Les histoires se ressemblaient, poursuit ce sexagénaire. « Il y avait souvent deux personnes ou deux animaux différents, comme le lièvre et le lion. L’un incarne le bien et l’autre est un menteur. Bien sûr, c’est toujours celui qui est honnête et bon qui le remporte tandis que l’autre est puni, souvent par la mort », dit-il.

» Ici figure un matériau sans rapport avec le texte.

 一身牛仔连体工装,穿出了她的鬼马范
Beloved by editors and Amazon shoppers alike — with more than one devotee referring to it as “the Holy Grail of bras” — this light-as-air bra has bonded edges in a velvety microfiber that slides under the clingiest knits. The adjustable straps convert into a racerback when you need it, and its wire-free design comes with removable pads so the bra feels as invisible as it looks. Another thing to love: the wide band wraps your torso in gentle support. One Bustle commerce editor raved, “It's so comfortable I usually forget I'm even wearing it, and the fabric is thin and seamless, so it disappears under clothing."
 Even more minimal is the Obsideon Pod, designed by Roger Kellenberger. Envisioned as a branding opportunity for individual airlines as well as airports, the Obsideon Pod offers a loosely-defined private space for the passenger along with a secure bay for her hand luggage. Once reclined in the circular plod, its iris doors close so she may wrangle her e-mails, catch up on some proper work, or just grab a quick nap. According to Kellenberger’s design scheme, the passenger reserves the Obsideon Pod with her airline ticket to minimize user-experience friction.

Kana se souvient encore de l’un de ses contes préférés : « c’est l’histoire d’un chasseur égoïste qui, un jour, alla chasser dans une très grande forêt appartenant à un génie. Ce dernier avait la réputation d’être généreux envers les gens de bon cœur, mais réservait un mauvais sort aux méchants. Le chasseur ignorait bien évidemment tout cela. Alors qu’il capturait beaucoup de gibiers il tomba nez à nez avec le génie de la forêt qui avait pris l’apparence d’un vieillard. Celui-ci demanda de la viande fraîche parce qu’il était trop vieux pour chasser mais le chasseur refusa de la lui donner...».

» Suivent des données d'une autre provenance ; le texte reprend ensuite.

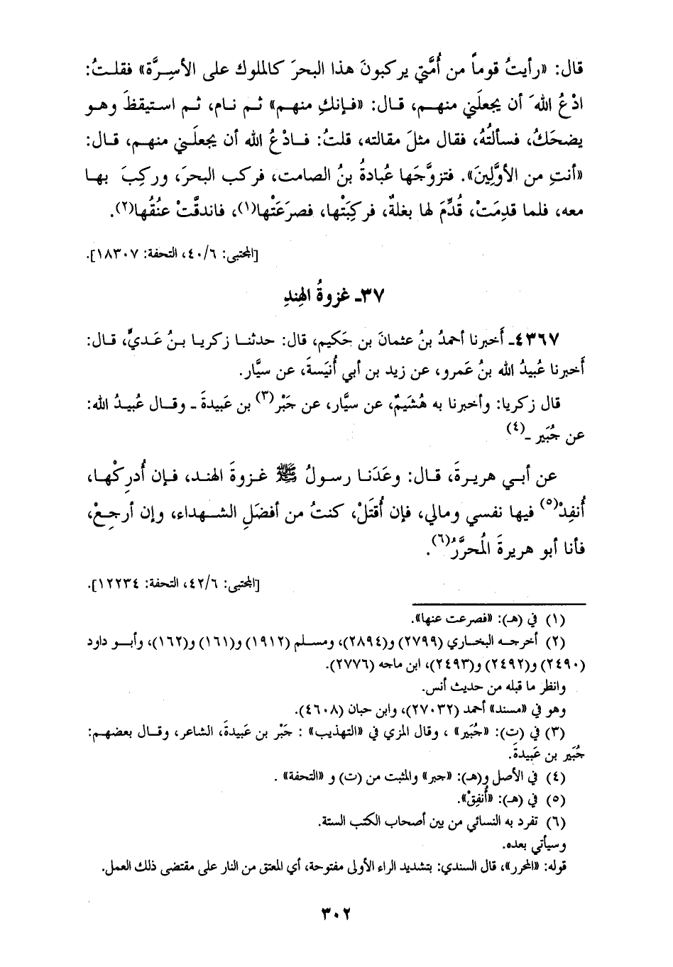 4367 - أَخْبَرَنَا أَحْمَدُ بْنُ عُثْمَانَ بْنِ حَكِيمٍ قَالَ: حَدَّثَنَا زَكَرِيَّا بْنُ عَدِيٍّ قَالَ: أَخْبَرَنَا عُبَيْدُ اللهِ بْنُ عَمْرٍو، عَنْ زَيْدِ بْنِ أَبِي أُنَيْسَةَ، عَنْ سَيَّارٍ، قَالَ زَكَرِيَّا، وَأَخْبَرَنَا بِهِ هُشَيْمٌ، عَنْ سَيَّارٍ، عَنْ جُبَيْرِ بْنِ عُبَيْدَةَ وَقَالَ: عُبَيْدُ اللهِ، عَنْ جُبَيْرٍ، عَنْ أَبِي هُرَيْرَةَ قَالَ: «§وَعَدَنَا رَسُولُ اللهِ صَلَّى اللهُ عَلَيْهِ وَسَلَّمَ غَزْوَةَ الْهِنْدِ» فَإِنْ أُدْرِكْهَا أُنْفِدُ فِيهَا نَفْسِي وَمَالِي فَإِنْ أُقْتَلُ كُنْتُ مِنْ أَفْضَلِ الشُّهَدَاءِ، وَإِنْ أَرْجِعْ فَأَنَا أَبُو هُرَيْرَةَ الْمُحَرَّرُ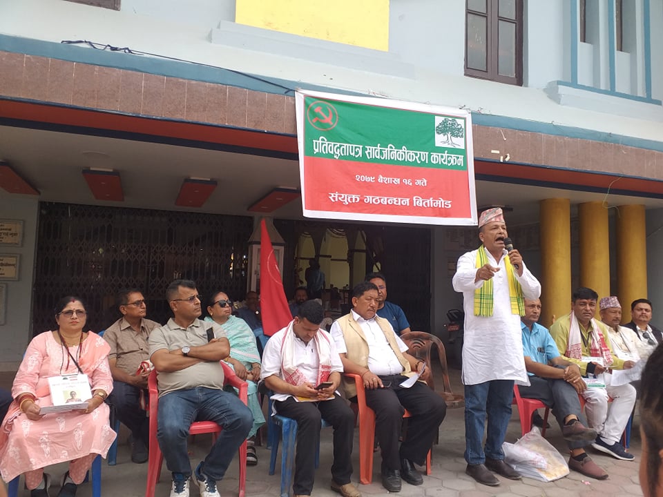 संयुक्त गठबन्धन निर्वाचन परिचालन समितिको आयोजनामा सम्पन्न कार्यक्रममा नेपाली कांग्रेस झापाका सभापति देउकुमार थेवे, विर्तामोडका लागि मेयरका उम्मेद्वार एवं नेपाली कांग्रेसका नगर सभापति भोजराज सिटौला, उपमेयरका उम्मेद्वार एवं नेकपा माओवादी नेता सि.पि. कडरिया, १ नम्बर वडाअध्यक्ष पदका उम्मेद्वार बलराम कार्की लगायतले संयुक्त रुपमा उक्त प्रतिबद्धता पत्र सार्वजनिक गरेका हुन् ।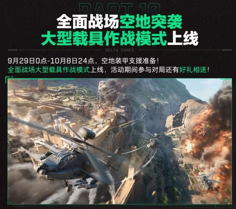 9月29日至10月8日,全面战场大型载具作战模式上线。

Reprenant son souffle notre conteur poursuit : «le vieillard partit tristement. Plus tard, lorsque le chasseur eut faim, il décida de faire cuire de la viande pour manger. A peine eut-il avalé un morceau que la voix du génie retentit dans un arbre proche, lui demandant s’il pouvait venir partager son repas. L’homme refusa à nouveau. Puis il se comporta de la même manière envers toutes les personnes rencontrées dans la forêt. Lorsqu’il eut fini de chasser, il prit le chemin du retour, très chargé. Mais il ne se souvenait plus du chemin qui menait à son village. C’est alors qu’il rencontra à nouveau le vieillard à qui il demanda son chemin. Celui-ci ne voulut pas le lui montrer. et le chasseur se retrouva à tourner en rond dans la forêt, des nuits et des jours, à la recherche d’une sortie sans succès ».

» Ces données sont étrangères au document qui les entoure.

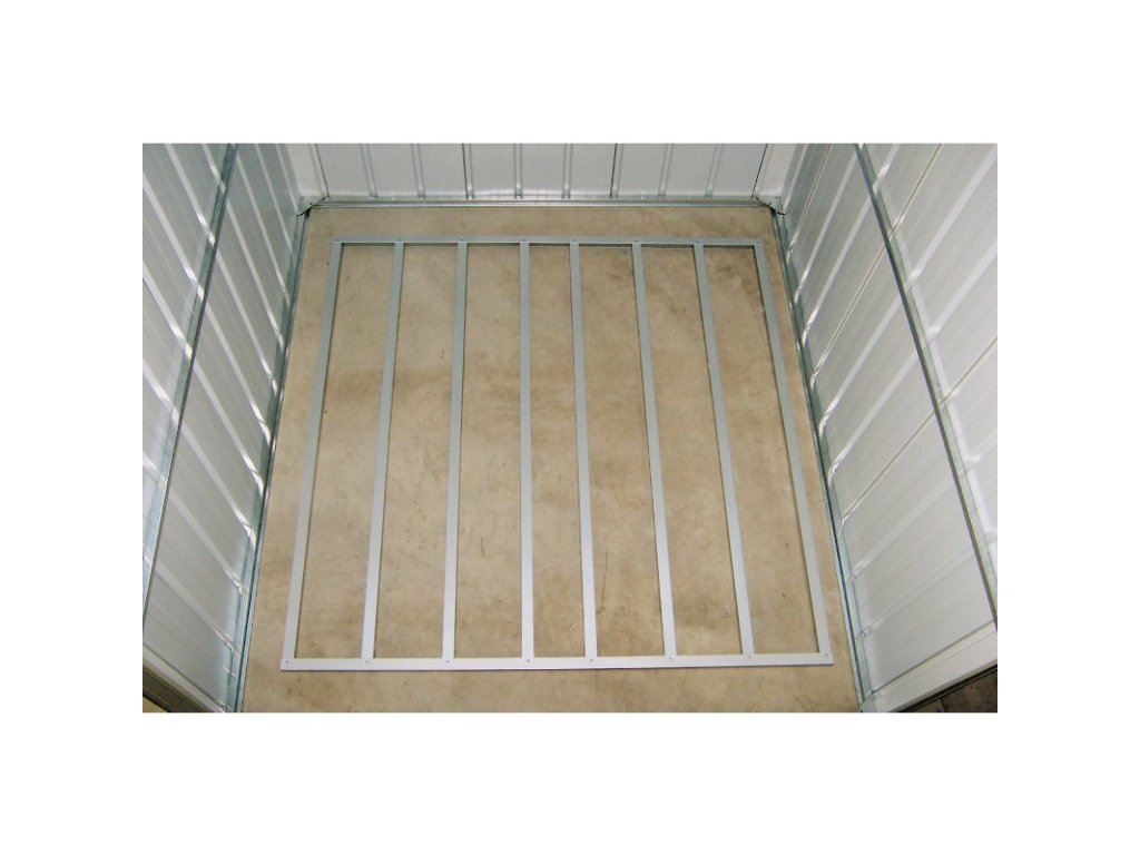 Podlahová konštrukcia pre záhradný domček o rozlohe 3,69 m2. Vyrobená z pozinkovanej ocele vysokej pevnosti. Oceľová podkladová konštrukcia YardMaster sa odporúča, ak potrebujete zvýšiť vnútornú podlahu pre váš záhradný domček. Podlahový nosný rám sa inštaluje do vnútra domčeka po ukončení výstavby.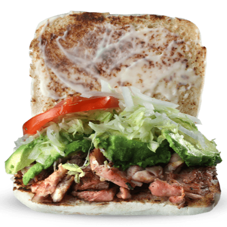 Bistec de Res, Jamon y Queso, Aguacate, Lechuga, Cebolla y mayonesa

« Cette histoire m’avait particulièrement marquée au point que j'ai toujours tout partagé avec les autres enfants », commente le vieil homme dans un rire.
Mais aujourd’hui, les nouvelles générations n’ont que faire de ces contes, déplore l’homme.
« Pourtant, les contes et proverbes promeuvent la tolérance et n’encouragent pas la vengeance. Ils montrent aux jeunes que la parole du sage reste toujours une référence », dit-il.
« Avant, un enfant ne pouvait même pas couper la queue d’un lézard au risque d’apporter la malédiction sur la maison familiale. Aujourd’hui, on voit des enfants simuler des combats et la mort à chaque coin de rue », regrette-t-il.
D’après Hyppolite Manirakiza, un sociologue approché par Anadolu : « la télévision, le cinéma, les nouvelles technologies de l’information,… ont détrôné les traditionnels canaux d’éducation que sont les contes et les proverbes.», modifiant ostensiblement les modes de vie des Burundais.
« Les parents d’aujourd’hui, n’ont plus le temps de raconter des contes et les jeunes générations ont de nouvelles sources d’inspiration, notamment internet. Ils se laissent facilement séduire par la modernité, reléguant ainsi les traditions aux oubliettes », fait remarquer le sociologue.
Pourtant, « ces contes et proverbes constituaient les garde-fous de la société, enseignaient la tolérance, le respect mutuel et décourageaient l’égoïsme, la vengeance, la fainéantise, etc ».
A l’heure où le pays est plongé dans une crise politico-sécuritaire ayant coûté la vie à des milliers de citoyens, les contes et proverbes ne seraient probablement pas de trop pour adoucir les mœurs, conclut-il.